Gurs

Gurs, l’un des plus grands camps de France, remplit différentes fonctions au fil de son histoire.

À l’issue de débats animés dans l’opinion publique de la région, un camp de transit est érigé en 1939 pour interner dans un premier temps des réfugié·e·s venant d’Espagne. Des baraques sommaires sont construites en moins de six semaines par des maçons et ingénieurs locaux. En avril 1939, le camp de Gurs accueille déjà plus de 15 000 hommes, femmes et enfants. À partir de mai 1940, des exilé·e·s d’Allemagne, qualifiés de « ressortissants ennemis », y sont également détenus. Le camp bondé compte temporairement près de 20 000 personnes. Il est d’abord placé sous la tutelle du ministère de la Guerre français, puis du ministère de l’Intérieur de Vichy à partir d’octobre 1940.

© Mémorial de la Shoah, CC_276a_3
Foto eines unbekannten Fotografen/einer unbekannten Fotografin, ca. 1942

Cette photographie du camp de Gurs date probablement de 1942. Le camp mesure près de 79,6 hectares et est entouré de barbelés. Le site est subdivisé en « îlots » composés de 25 à 30 baraques et également clôturés. Les hommes et les femmes sont détenus séparément.

© Staatsarchiv Stuttgart, EA 99/001 Bü 304, Nr. 14 Bild 1
Foto eines unbekannten Fotografen/einer unbekannten Fotografin, ca. 1942

Au départ, les baraques sont érigées sur de la terre battue recouverte de paille. Dans chacune d’entre elles, 60 personnes doivent s’entasser dans un espace trop exigu. Le terrain alentour n’est pas stabilisé. La pluie détrempe complètement le sol. Les interné·e·s doivent patauger dans la boue pour se rendre aux latrines. Une femme tente ici de creuser un fossé de drainage plus important à l’aide d’une houe.

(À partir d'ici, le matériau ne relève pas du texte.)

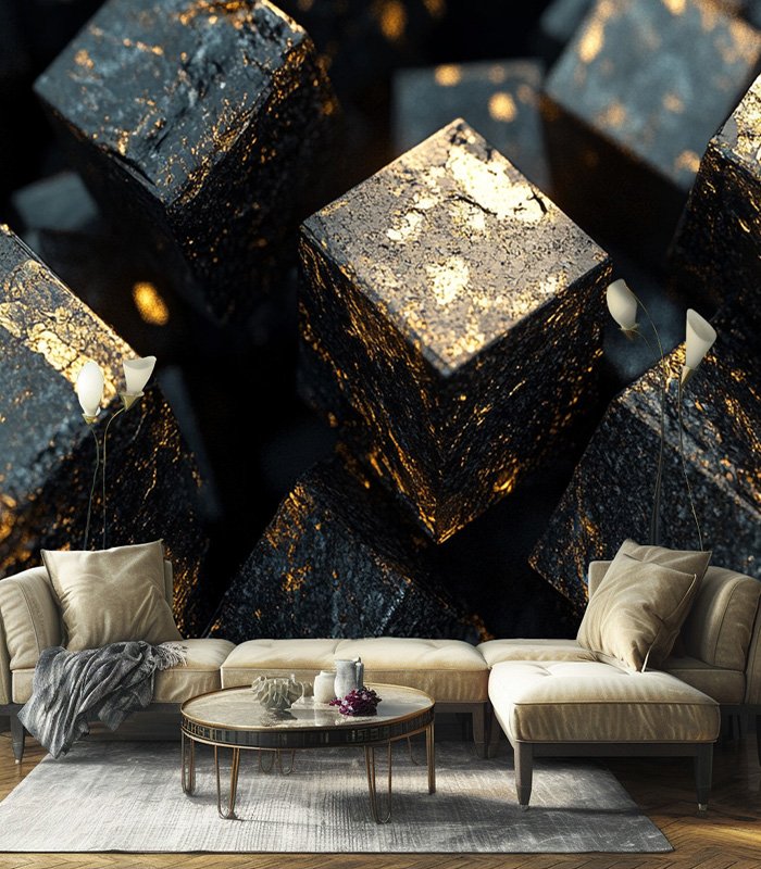Close-up of textured, metallic cubes with a golden shimmer, creating an abstract and visually captivating pattern of geometric shapes and light reflections.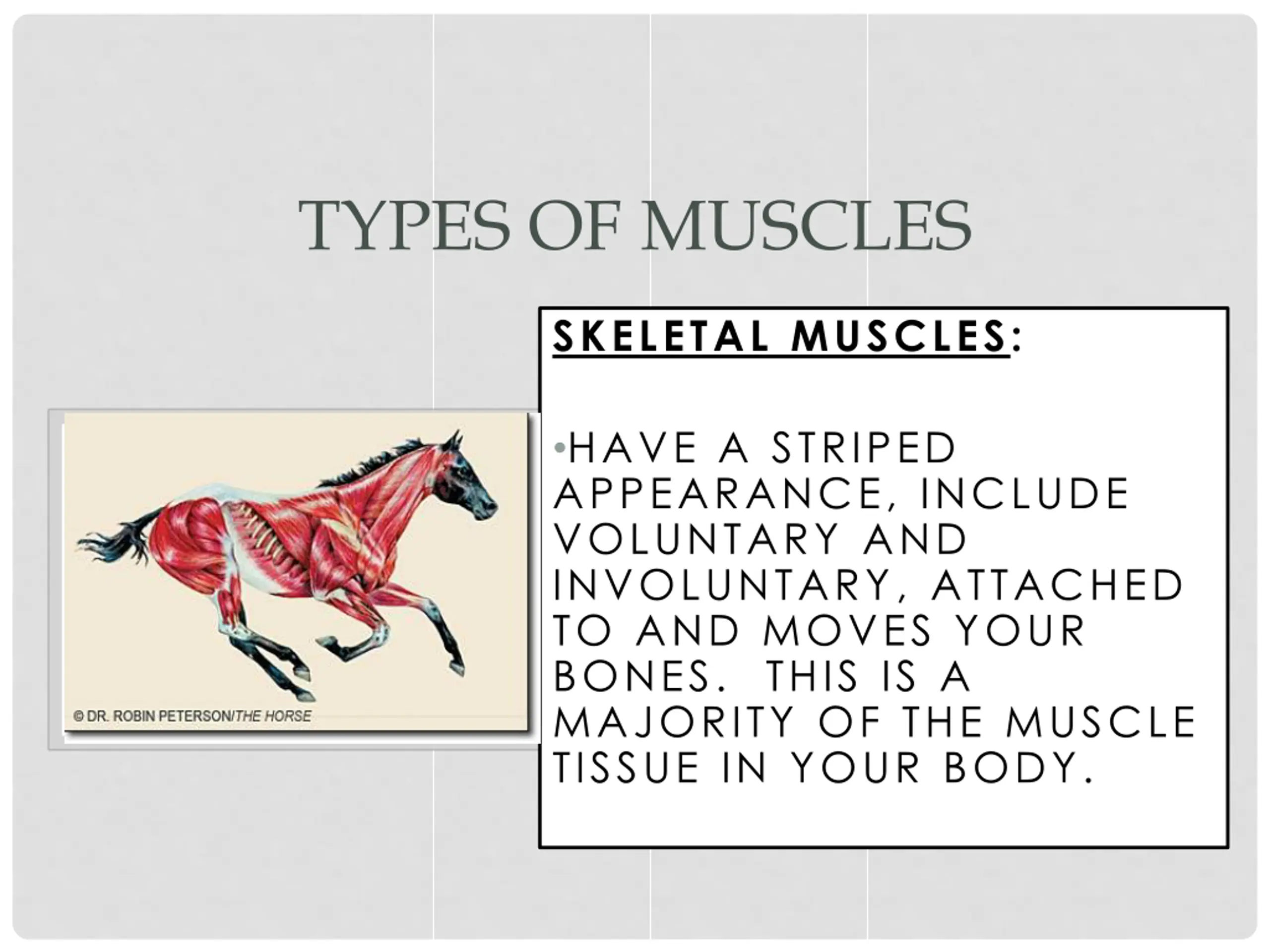 TYPES OF MUSCLES SKELETAL MUSCLES: HAVE A STRIPED APPEARANCE, INCLUDE VOLUNTARY AND INVOLUNTARY, ATTACHED TO AND MOVES YOUR BONES. THIS IS A MAJORITY OF THE MUSCLE TISSUE IN YOUR BODY.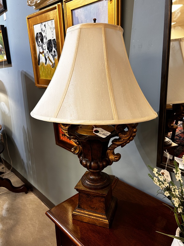 Description: 742813 - Wood Lamp with Gold Handles 32”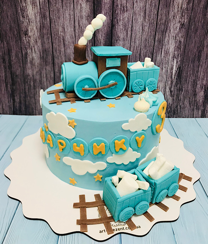 Блакитний торт для маленького мрійника. Зверху — їстівна фігурка паровозика з вагончиком, який мчить по рейках, а на підставці — ще два вагончики, що везуть пухкі маршмелоу. Десерт прикрашений ніжними хмарками та милим написом із цифрою 3 — як символ чарівного свята і дитячої радості. Ідеальний торт для хлопчика, який обожнює потяги та пригоди!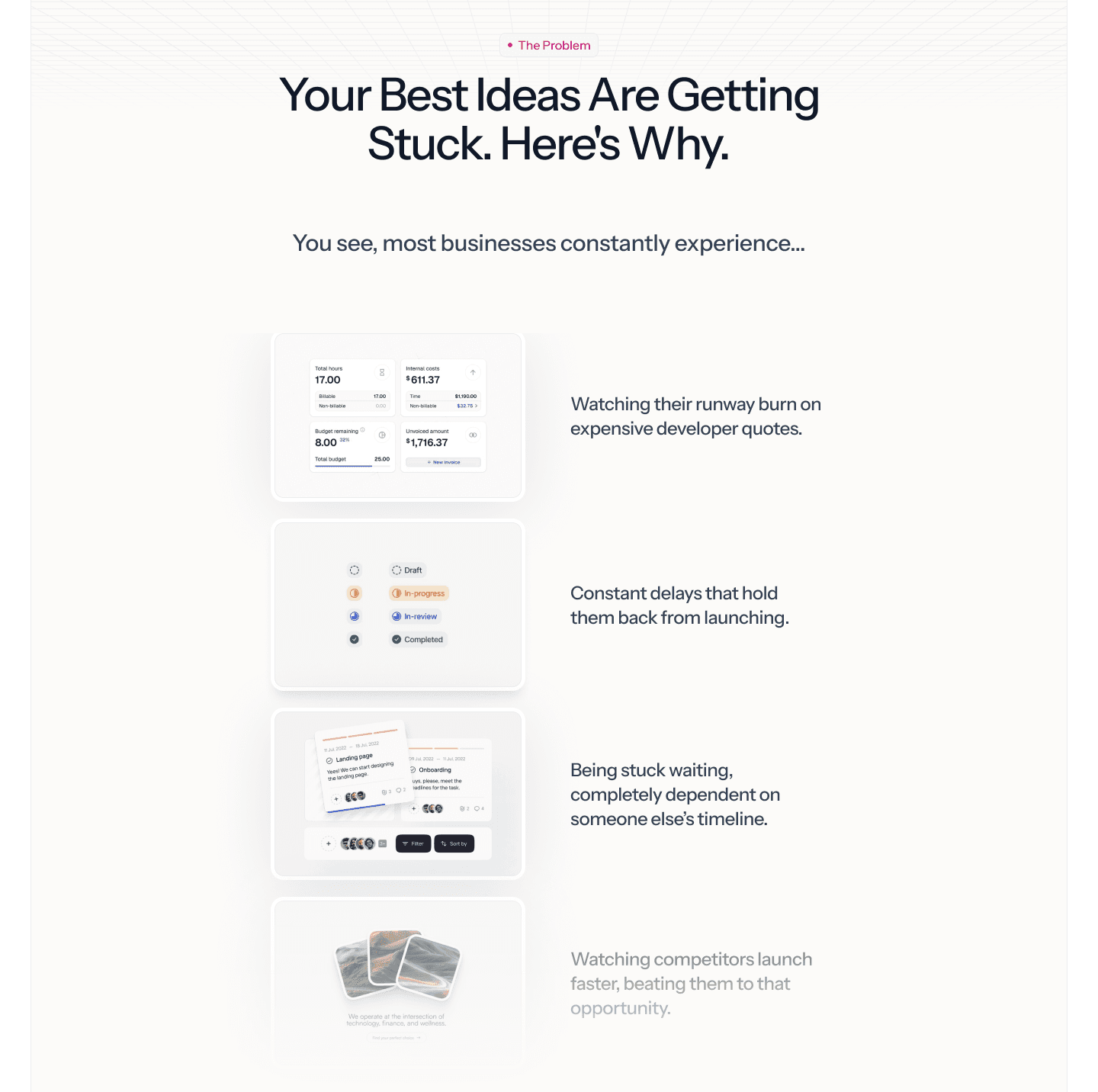 Build a conversion system that scales your SaaS: optimized sites, strategic copy, reliable backends, high-converting ads... all tailored to your specific stage, not a one-size-fits-all template.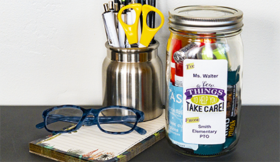 Step 1: Purchase a mug, a mason jar with a lid, or another container large enough to hold a variety of self-care items for teachers.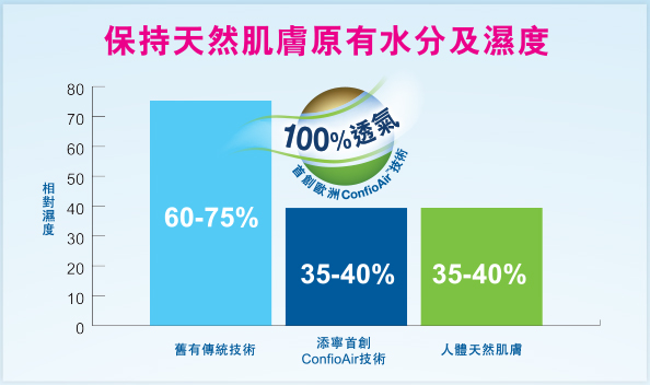 對比使用一般傳統透氣技術的紙尿片,使用ConfioAir™技術的添寧透氣棉柔成人紙尿片後,皮膚濕度約低2倍,有效保持天然肌膚原有水分及濕度,感受2倍乾爽舒適。[3]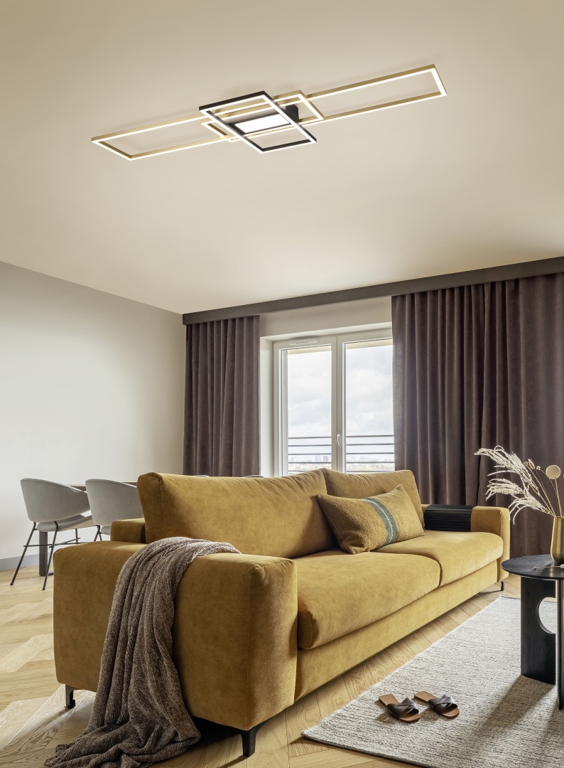 Plafoniera IRVINE oferă efecte de lumină atmosferică și moale și impresionează prin designul său deosebit de elegant, care completează perfect orice stil de interior modern. Corpul de iluminat impresionează și prin funcțiile suplimentare practice. Lampa are funcție de lumină de noapte, iar luminozitatea și culoarea luminii pot fi reglate continuu, astfel încât poate fi și reglată individual în funcție de condițiile de iluminare. Datorită funcției de memorie integrată, ultimul scenariu de iluminare setat cu telecomandă poate fi setat imediat ce corpul de iluminat este oprit și pornit din nou prin intermediul întrerupătorului de perete. Lampa, proiectată în alamă mată și negru mat, poate fi combinată cu multe stiluri de interior. În plus, corpul de iluminat dispune de tehnologie LED modernă, care se caracterizează prin calitate ridicată a luminii și eficiență energetică. În comparație cu lămpile cu halogen tradiționale, se pot economisi până la 80% din costurile energetice. În plus, lămpile cu LED beneficiază de durată lungă de viață, generare scăzută de căldură și protecție a mediul

© Wiener Library, London 056-EA-1111. Letters. P.III.h. No.627
Abschrift eines Briefes der Mutter von Herbert Lehmann, 28.10.1940

Peu après son arrivée au camp, la mère d’Herbert Lehmann lui raconte les conditions de vie à Gurs dans une lettre. Les femmes et les hommes étant internés dans des îlots distincts, elle ne voit son mari que « de temps à autre ». Ils ne possèdent plus que 100 marks et leurs vêtements – plus de papiers. Pour quantifier les rations alimentaires à Gurs tout en déjouant la censure, elle fait allusion à « la randonnée à skis (Davos-Dachau) d’il y a deux ans » faite par son fils. En 1938, les nazis ont incarcéré Herbert Lehmann au camp de concentration de Dachau. Il émigre à sa libération.

Après la capitulation de la France le 22 juin 1940, la direction française du camp assouplit les règles de surveillance et de détention. Un grand nombre d’interné·e·s parvient à s’évader de Gurs ou à obtenir sa libération. Charlotte Salomon, une artiste berlinoise qui s’est exilée en France en 1939, est brièvement internée à Gurs. Après sa libération, elle achève à Nice son cycle illustré Vie ? Ou Théâtre ? Elle est à nouveau arrêtée en 1943, transférée à Drancy avant d’être déportée à Auschwitz-Birkenau, où elle est assassinée.